● Saved data entries:
★ ★ ★ ★

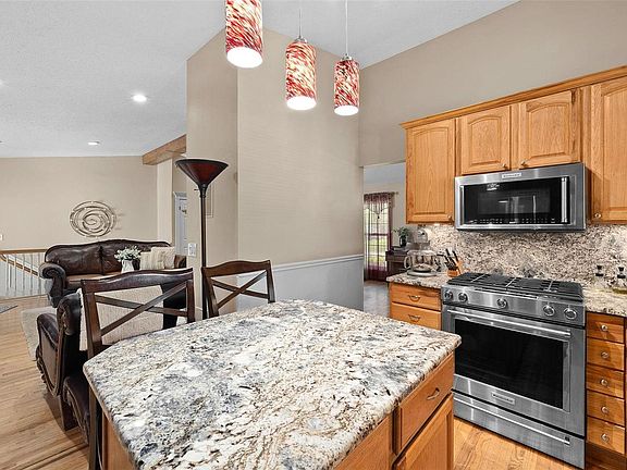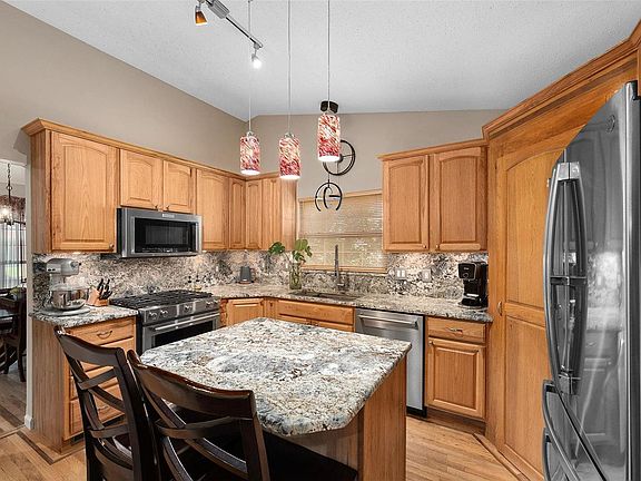 Stunning, updated 3-bedroom, 3-bath ranch home that combines luxury with comfort. Soaring vaulted ceilings, gleaming hardwood floors that run throughout the main living areas. Great room features a cozy wood-burning fireplace w/elegant can lighting. Kitchen is a chef's paradise, boasting outstanding custom cabinetry, beautiful granite countertops/backsplash, high-end s/s KitchenAid appliances, center island, walk-in pantry & separate dining room. Three spacious bedrooms & two updated baths with custom tile work. Descend to the walk-out lower level, where you'll find an incredible custom wet/wine bar w/ granite countertop, making it the perfect spot for entertaining. Expansive family room/rec room provides additional living space, a full bath and ample storage options. Step outside to your backyard oasis featuring a large above ground pool, hot tub, 2 maintenance free decks, gazabos, 2 patios & 2 koi ponds, one in the front & one in the back, adding a touch of serenity to your home.
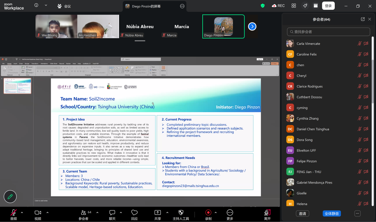 为深化中拉青年减贫协作、推动多元减贫创新方案向实践转化,减贫营首次路演于2026年4月21日北京时间20:30以线上形式顺利召开。本次路演荣幸邀请到在巴西的核心合作方—— 里约热内卢联邦大学理工学院外事副院长José Orlando Gomes教授线上参会,为中拉青年减贫协作提供指导与支持。首次路演吸引了来自清华大学、里约热内卢联邦大学、里约热内卢州立大学、弗鲁米嫩塞联邦大学的7支青年团队线上参与,参会人数达70余人。来自牛津索菲亚智慧响应者组织——Wise Responder和巴西淡水河谷公司(Vale)及智利社会团结与投资基金(FOSIS)的代表云端相聚。开展中拉青年减贫协作与精准组队筹备,为 2026 减贫营跨国组队与项目转化奠定坚实基础。本次路演由清华大学拉美中心团队主持。
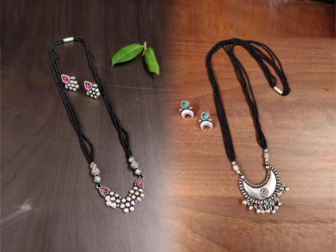 1 / 10१. सोनेरी मणी असणारं किंवा मग स्टाेनचं पेंडंट असणारं आर्टिफिशियल मंगळसूत्र आपण नेहमीच घालतो. आता यंदाच्या नवरात्रीसाठी काहीतरी खास आणि वेगळं घ्या.. आर्टिफिशियल मंगळसूत्रांमध्ये सध्या ऑक्सिडाईज मंगळसूत्रांना चांगलीच मागणी आहे. त्याचेच हे काही खास प्रकार.2 / 10२. दसरा- दिवाळी या सणांनिमित्त सध्या आपल्या शहरातल्या लोकल बाजारात तसेच ऑनलाईन शॉपिंग साईटवर ऑक्सिडाईज प्रकारातले अनेक मंगळसूत्र उपलब्ध आहेत. खणाच्या साड्यांची क्रेझ होती तेव्हा फक्त साडीवर शोभणारे ठसठशीत ऑक्सिडाईज मंगळसूत्र मिळायचे. 3 / 10३. पण आता मात्र ऑक्सिडाईज मंगळसूत्रांमध्ये अनेक नाजूक प्रकार उपलब्ध आहेत. अगदी जीन्सवरही तुम्ही ते घातले तरी ते बिलकूल वेगळं दिसणार नाही4 / 10४. फक्त असा एक मोठा मणी आणि काळ्या मण्यांची पोत अशा प्रकारचं हे मंगळसूत्र एखाद्या कॉटनच्या साडीप्रमाणेच ड्रेसवरही शोभून दिसतं.5 / 10५. त्यातलाच हा एक प्रकार. यातले पेंडंट आणि गळ्यातली पोत हे दोन्हीही आणखीनच नाजूक आहेत. ऑनलाईन शॉपिंग साईटवर १५० ते २०० रुपयांत हे मंगळसूत्र मिळते आहे. 6 / 10६. या मंगळसूत्रात वाट्यांच्या ऐवजी दोन सुंदर फुलं वापरण्यात आली आहेत. तशाच प्रकारचे कानातले घेतले तर तो एक सुंदर सेट तुमच्याकडे होऊ शकतो.7 / 10७. नथीचं डिझाईन असणारं पेंडंट असा प्रकार आपण आपल्या रेग्युलर मंगळसूत्रांमध्ये नेहमीच बघतो. आता हा प्रकार ऑक्सिडाईज मंगळसूत्रांमध्येही बघायला मिळत आहे. 8 / 10८. नाजूक पेंडंट प्रकारातलं हे आणखी एक सुंदर डिझाईन. लोकल मार्केटमध्ये अगदी १०० रुपयांपासून यातले वेगवेगळे प्रकार मिळू शकतात.9 / 10९. अशा पद्धतीचं मंगळसूत्र एखाद्या कॉटन किंवा प्लेन साडीवर घातलं तर तुम्ही नक्कीच अधिक ट्रेण्डी दिसू शकता. सणासुदीच्या दिवसांत ऑफिसमध्ये साडी नेसून जाण्याचा प्लॅन असेल, तर असं एखादं मंगळसूत्र आपल्या कलेक्शनमध्ये असायलाच हवं.10 / 10
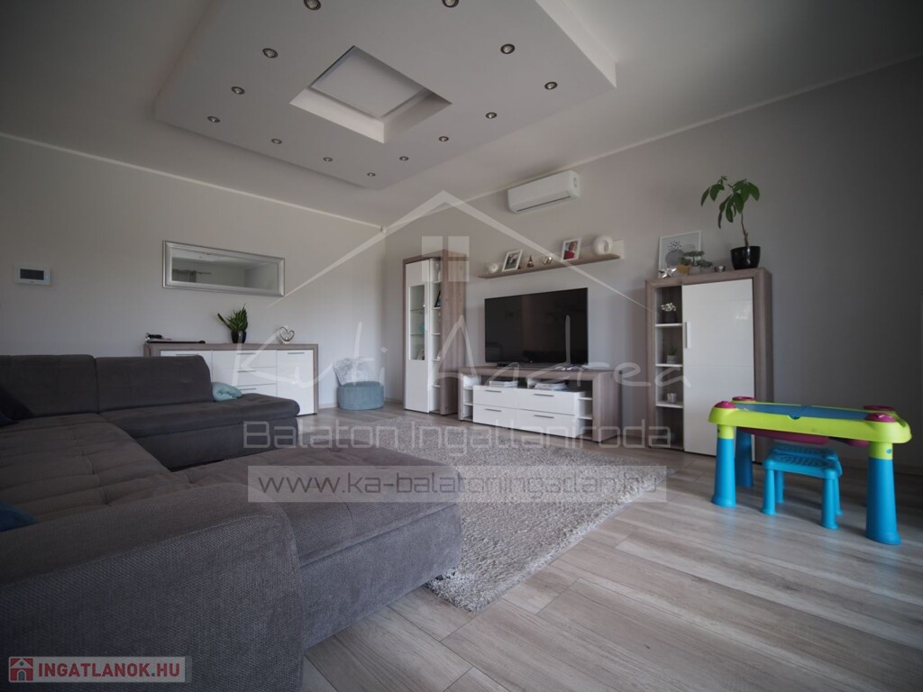 • A ház esztétikailag nagyon mutatós és praktikus. A teljes lakórész a vizes helységeket leszámítva jó minőségű egységes színű laminált parkettával lett lerakva. Vizes helységek kerámia burkolatot kaptak. A színek harmonizálnak és tisztítás szempontjából is praktikusak.
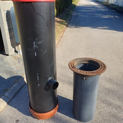 Käyttämättä jäänyt vanhempi Uponorin sadevesikaivo.
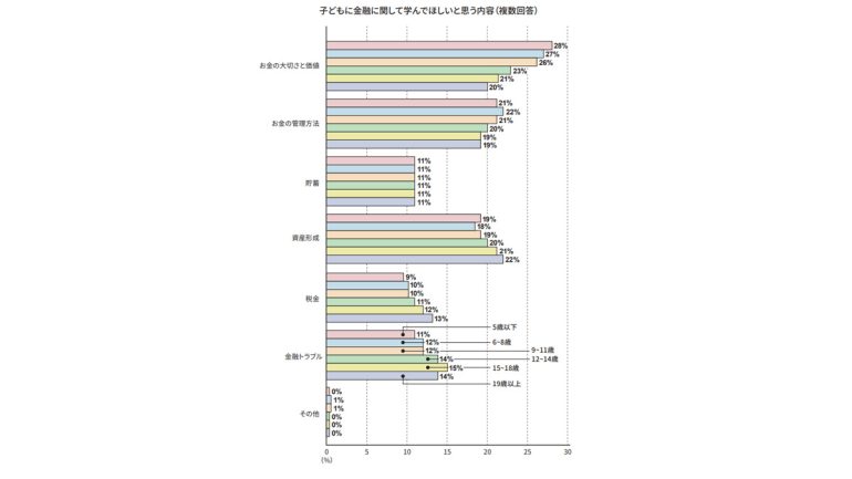 14歳までの子どもに対しては、次いで「お金の管理方法」が多く、子どもが低年齢のうちに基礎的な金融の知識として、お金の価値や管理方法を学んでほしいと思っている親が多いことがうかがえる。
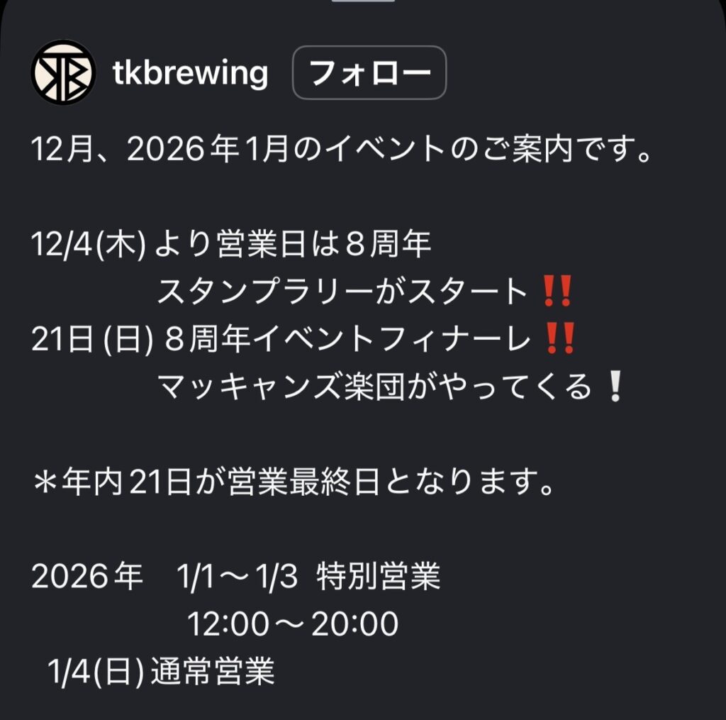 12月22~24日:TKBrewing 6周年祭 11月17~18日:SAIWAIにぎやかフェス @ 川崎駅西口東芝未来科学館前11月12日:コスギカレーEXPO @ JR南武線向河原 NEC 10月29日:NAMAMUGI BEER FESTIVAL @ 生麦 10月20~22:カンパイビアデイ 2023 秋 @ 稲毛公園 10月8日:クラフトビール street @ JR蒲田東口 9月23~24日:秋祭り in ラゾーナ川崎プラ @ ラゾーナ川崎プラザ 9月9日:川崎駅前フェス @ JR川崎駅東口 ルフロン前広場 9月2日:プラザ de 昼のみ @ 川崎市民プラザ 8月25~26日:川崎ビール祭り 2023 in Park Line @ 八丁畷駅前 8月4~6日:CRAFT BEER PARK @ ラゾーナ川崎プラザ 4月29~30日:カンパイビアデイ 2023 spring @ 稲毛公園
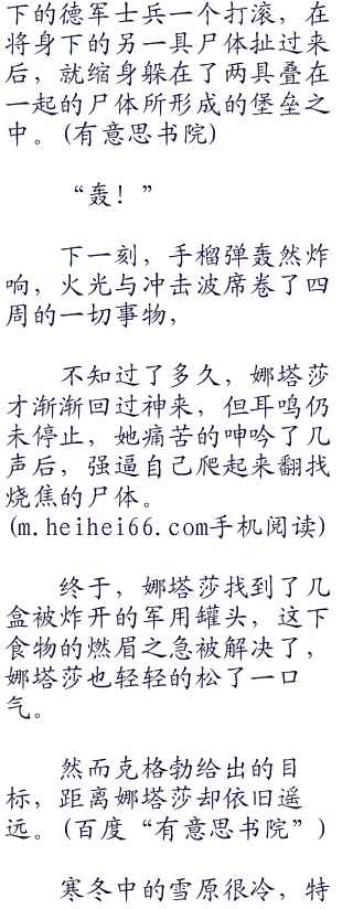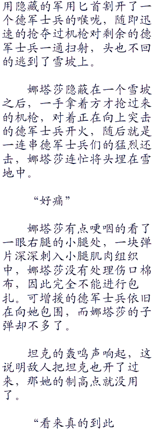 德军士兵一眼就看出“零零零”了那是什么,那正是娜塔莎从被她杀死的倒霉蛋身上搜出来的武器,这让德军士兵连声音都变了“手榴弹!!!快找遮蔽物!”

★ ★ ★ ★

● Problem:
Set down each of the records precisely, leaving any pictures behind.

● Your solution:
 Stunning, updated 3-bedroom, 3-bath ranch home that combines luxury with comfort. Soaring vaulted ceilings, gleaming hardwood floors that run throughout the main living areas. Great room features a cozy wood-burning fireplace w/elegant can lighting. Kitchen is a chef's paradise, boasting outstanding custom cabinetry, beautiful granite countertops/backsplash, high-end s/s KitchenAid appliances, center island, walk-in pantry & separate dining room. Three spacious bedrooms & two updated baths with custom tile work. Descend to the walk-out lower level, where you'll find an incredible custom wet/wine bar w/ granite countertop, making it the perfect spot for entertaining. Expansive family room/rec room provides additional living space, a full bath and ample storage options. Step outside to your backyard oasis featuring a large above ground pool, hot tub, 2 maintenance free decks, gazabos, 2 patios & 2 koi ponds, one in the front & one in the back, adding a touch of serenity to your home.
 为深化中拉青年减贫协作、推动多元减贫创新方案向实践转化,减贫营首次路演于2026年4月21日北京时间20:30以线上形式顺利召开。本次路演荣幸邀请到在巴西的核心合作方—— 里约热内卢联邦大学理工学院外事副院长José Orlando Gomes教授线上参会,为中拉青年减贫协作提供指导与支持。首次路演吸引了来自清华大学、里约热内卢联邦大学、里约热内卢州立大学、弗鲁米嫩塞联邦大学的7支青年团队线上参与,参会人数达70余人。来自牛津索菲亚智慧响应者组织——Wise Responder和巴西淡水河谷公司(Vale)及智利社会团结与投资基金(FOSIS)的代表云端相聚。开展中拉青年减贫协作与精准组队筹备,为 2026 减贫营跨国组队与项目转化奠定坚实基础。本次路演由清华大学拉美中心团队主持。
 1 / 10१. सोनेरी मणी असणारं किंवा मग स्टाेनचं पेंडंट असणारं आर्टिफिशियल मंगळसूत्र आपण नेहमीच घालतो. आता यंदाच्या नवरात्रीसाठी काहीतरी खास आणि वेगळं घ्या.. आर्टिफिशियल मंगळसूत्रांमध्ये सध्या ऑक्सिडाईज मंगळसूत्रांना चांगलीच मागणी आहे. त्याचेच हे काही खास प्रकार.2 / 10२. दसरा- दिवाळी या सणांनिमित्त सध्या आपल्या शहरातल्या लोकल बाजारात तसेच ऑनलाईन शॉपिंग साईटवर ऑक्सिडाईज प्रकारातले अनेक मंगळसूत्र उपलब्ध आहेत. खणाच्या साड्यांची क्रेझ होती तेव्हा फक्त साडीवर शोभणारे ठसठशीत ऑक्सिडाईज मंगळसूत्र मिळायचे. 3 / 10३. पण आता मात्र ऑक्सिडाईज मंगळसूत्रांमध्ये अनेक नाजूक प्रकार उपलब्ध आहेत. अगदी जीन्सवरही तुम्ही ते घातले तरी ते बिलकूल वेगळं दिसणार नाही4 / 10४. फक्त असा एक मोठा मणी आणि काळ्या मण्यांची पोत अशा प्रकारचं हे मंगळसूत्र एखाद्या कॉटनच्या साडीप्रमाणेच ड्रेसवरही शोभून दिसतं.5 / 10५. त्यातलाच हा एक प्रकार. यातले पेंडंट आणि गळ्यातली पोत हे दोन्हीही आणखीनच नाजूक आहेत. ऑनलाईन शॉपिंग साईटवर १५० ते २०० रुपयांत हे मंगळसूत्र मिळते आहे. 6 / 10६. या मंगळसूत्रात वाट्यांच्या ऐवजी दोन सुंदर फुलं वापरण्यात आली आहेत. तशाच प्रकारचे कानातले घेतले तर तो एक सुंदर सेट तुमच्याकडे होऊ शकतो.7 / 10७. नथीचं डिझाईन असणारं पेंडंट असा प्रकार आपण आपल्या रेग्युलर मंगळसूत्रांमध्ये नेहमीच बघतो. आता हा प्रकार ऑक्सिडाईज मंगळसूत्रांमध्येही बघायला मिळत आहे. 8 / 10८. नाजूक पेंडंट प्रकारातलं हे आणखी एक सुंदर डिझाईन. लोकल मार्केटमध्ये अगदी १०० रुपयांपासून यातले वेगवेगळे प्रकार मिळू शकतात.9 / 10९. अशा पद्धतीचं मंगळसूत्र एखाद्या कॉटन किंवा प्लेन साडीवर घातलं तर तुम्ही नक्कीच अधिक ट्रेण्डी दिसू शकता. सणासुदीच्या दिवसांत ऑफिसमध्ये साडी नेसून जाण्याचा प्लॅन असेल, तर असं एखादं मंगळसूत्र आपल्या कलेक्शनमध्ये असायलाच हवं.10 / 10
 • A ház esztétikailag nagyon mutatós és praktikus. A teljes lakórész a vizes helységeket leszámítva jó minőségű egységes színű laminált parkettával lett lerakva. Vizes helységek kerámia burkolatot kaptak. A színek harmonizálnak és tisztítás szempontjából is praktikusak.
 Käyttämättä jäänyt vanhempi Uponorin sadevesikaivo.
 14歳までの子どもに対しては、次いで「お金の管理方法」が多く、子どもが低年齢のうちに基礎的な金融の知識として、お金の価値や管理方法を学んでほしいと思っている親が多いことがうかがえる。
 12月22~24日:TKBrewing 6周年祭 11月17~18日:SAIWAIにぎやかフェス @ 川崎駅西口東芝未来科学館前11月12日:コスギカレーEXPO @ JR南武線向河原 NEC 10月29日:NAMAMUGI BEER FESTIVAL @ 生麦 10月20~22:カンパイビアデイ 2023 秋 @ 稲毛公園 10月8日:クラフトビール street @ JR蒲田東口 9月23~24日:秋祭り in ラゾーナ川崎プラ @ ラゾーナ川崎プラザ 9月9日:川崎駅前フェス @ JR川崎駅東口 ルフロン前広場 9月2日:プラザ de 昼のみ @ 川崎市民プラザ 8月25~26日:川崎ビール祭り 2023 in Park Line @ 八丁畷駅前 8月4~6日:CRAFT BEER PARK @ ラゾーナ川崎プラザ 4月29~30日:カンパイビアデイ 2023 spring @ 稲毛公園
 德军士兵一眼就看出“零零零”了那是什么,那正是娜塔莎从被她杀死的倒霉蛋身上搜出来的武器,这让德军士兵连声音都变了“手榴弹!!!快找遮蔽物!”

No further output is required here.